IIDA SHOJI 〈Half&Half(Pumps)〉, 1968/2019, 45 × 45 × 45 cm
The work “Paper” uses a large amount of printed paper that has been crumpled and stacked together to express the relationship between the “existence” and “materiality” of paper. After the process of printing, paper approaches the fact that paper is more so as “paper”. Furthermore, this towering pile of paper may collapse naturally, meaning this artwork is not just a still work, but involves the operation of the entire universe in motion.

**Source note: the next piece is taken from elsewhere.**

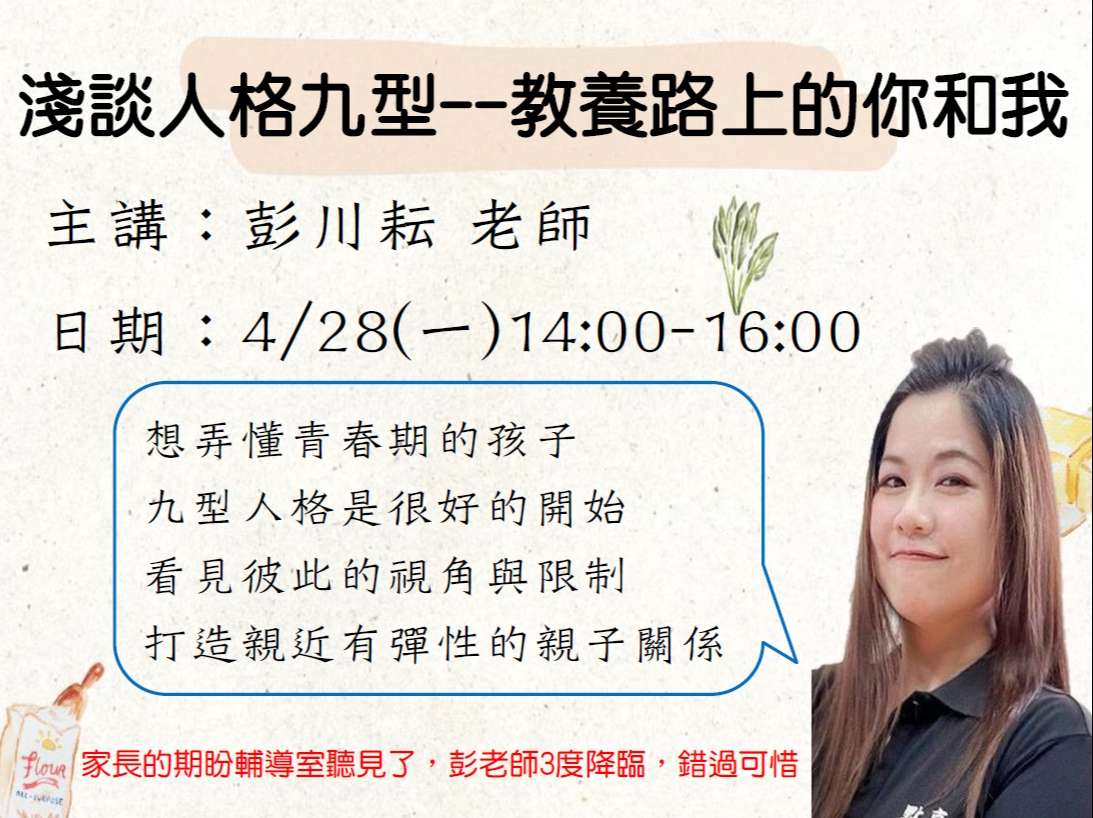 (一) 04/28(一)14:00-16:00《淺談九型人格-教養路上的你和我》彭川耘老師。

IIDA SHOJI 〈Paper〉, 1968/2019
Works on paper after the 1970s, “Minimum” series and the “Surface of Earth” series use minimal colors and shapes to present the things in nature.
“As long as human beings have expectations, the relationship between self-hood and the world will continue to proceed in accordance with that degree of expectation. What should be understood at this time is that it is us humans, not the world, who hold these expectations. Therefore, we should limit our expectations and shrink it to its minimum.”
–Iida Shoji.

IIDA SHOJI〈Memories〉 1997, 44 × 54.5 cm
Iida Shoji is a philosopher of art and one of the enlighteners of Mono-Ha. He very likely inspired and prompted the epoch-making of the Japanese contemporary art theory.